General:
Return to the institutions and companies involved useful information both for the monitoring and evaluation of the catches and for possible internal improvements in the first sale process.
Specific:
1. Design a quality control protocol for the taking of images in Lonja.
2. Application of the deep learning tools developed in the FOTOPEIX projects for the automatic extraction of sizes.
3. Generation of quasi-real-time information and predictions.
4. Storage of information.
5. Autonomous generation of information bulletins.
6. Dissemination of the developed system.
A1. Design of protocols for the correct storage of daily images. 1.1 Implementation of algorithms for image filtering.1.2 Analysis of fish market data for filtering validation.
A2. Automation of image entry into networks for size extraction.
2.1 Development of algorithms for the automation of the size extraction process.
2.2 Sampling at the fish market.
2.3 Data collection in the laboratory.
2.4 Validation of automatisms using real data.
A3. Generation of a long-term time series with weekly cadence.
3.1 Development of algorithms for obtaining weekly data
A4. Implementation of a short-term predictive model (one week ahead).
4.1 Development of a predictive size model.
4.2 Validation of the predictive model
A5. Implementation of a Bayesian Belief Network for the llampuga.
5.1 Implementation of a Bayesian Belief Network for the llampuga.
5.2. Communication of results to companies and regulatory bodies
A6. Implementation of the storage of the generated data.
6.1 Design and development of the storage system for the data generated. Sizes and models.
A7. Development of the contents of Newsletters.
7.1 Review of similar work carried out at national and international level.
7.2 Writing newsletter content
A8. Holding meetings with the sectors involved. 8.1 Meetings with administration, OPMALLORCAMAR and fishermen’s guilds
A9. Dissemination of the project and its results.
9.1 Dissemination in traditional media and social networks.
9.2 Visit to other fish markets to present the project.
9.3 Presentation of the results in the scientific field.

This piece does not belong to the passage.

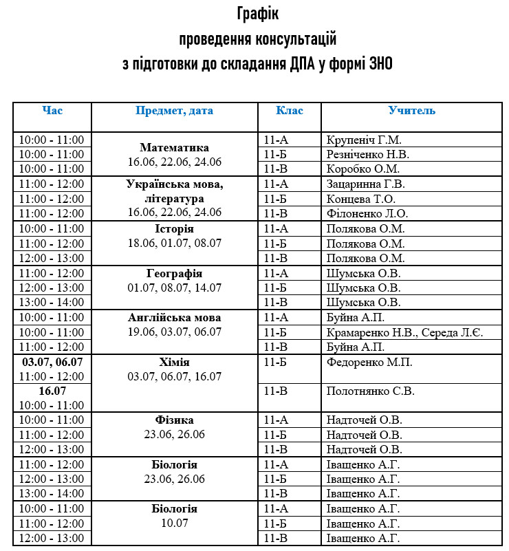 Графік проведення консультацій з підготовки до складання ДПА у формі ЗНО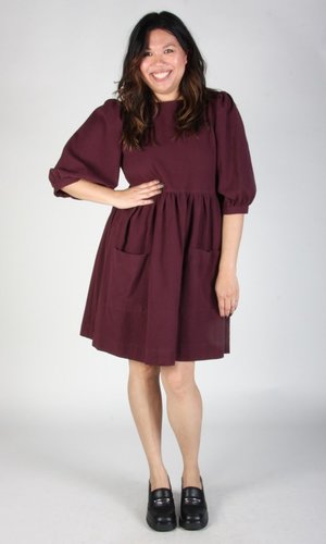 The Flowerpiercer Dress by Birds of North America is a relaxed fit dress made of thick, textured 100% cotton. It features in-seam skirt pockets and full sleeves that gather into a cuff. The dress pops on over the head and closes with a button and loop at the back neck. Sizing Notes: This dress has a very relaxed silhouette; for a fit similar to what you see on the models, please consult the size chart for fit measurements or see the exact garment measurements below. Hilary is 5'7" and is wearing L. Bust/hip, shoulder-to-hem-length (in brackets), then shoulder-to-shoulder: XS - 36 / 68 (36) 14.5 S - 38 / 70 (36.5) 14.5 M - 40 / 72 (37) 15 L - 42 / 74 (37) 15 XL - 45 / 77 (38) 16 2X - 48 / 80 (38) 16.5 3X - 52 / 84 (38.5) 17 The sleeve measures 18"(XS)-19(3X)" from shoulder to cuff. Wash cold delicate, hang to dry. Made in Canada.

The RETORNO project has developed a system that allows information to be automatically extracted from the images collected at the fish market. To this end, a quality control protocol for the taking of images in the fish market was developed thanks to three filtering algorithms to identify the images that include fish boxes, discard the repeated ones and select the boxes of llampugas (Coryphaena hippurus). The new imaging protocol allows each image to be automatically associated with the weight metadata of the box. A tool has also been developed for the automation of the extraction of information on sizes.
On the other hand, it has managed to obtain time series, with weekly cadence, of the sizes (furcal length) extracted, as well as one-week forecasts of the sizes of llampuga through a statistical model and its comparison with the average size actually reported. Likewise, size bulletins have been sent weekly to fishermen with the information recorded.
In addition, for the generation of real-time information, a Bayesian Belief Network (BBN) has been used that incorporates up to 12 different socioeconomic and climate change scenarios for the forecast of sizes. This type of model allows the relationship between time series of landings, sizes, prices, production costs and other economic variables, together with environmental variables.
The system is prepared to continue operating automatically and indefinitely and, although it has been applied to the llama species, this system is suitable for use with other species, with the corresponding adaptation of the net and the estimation of the size.
RETURN – Operationalization and exploitation of the information obtained from images of fish in the fish market using artificial intelligence.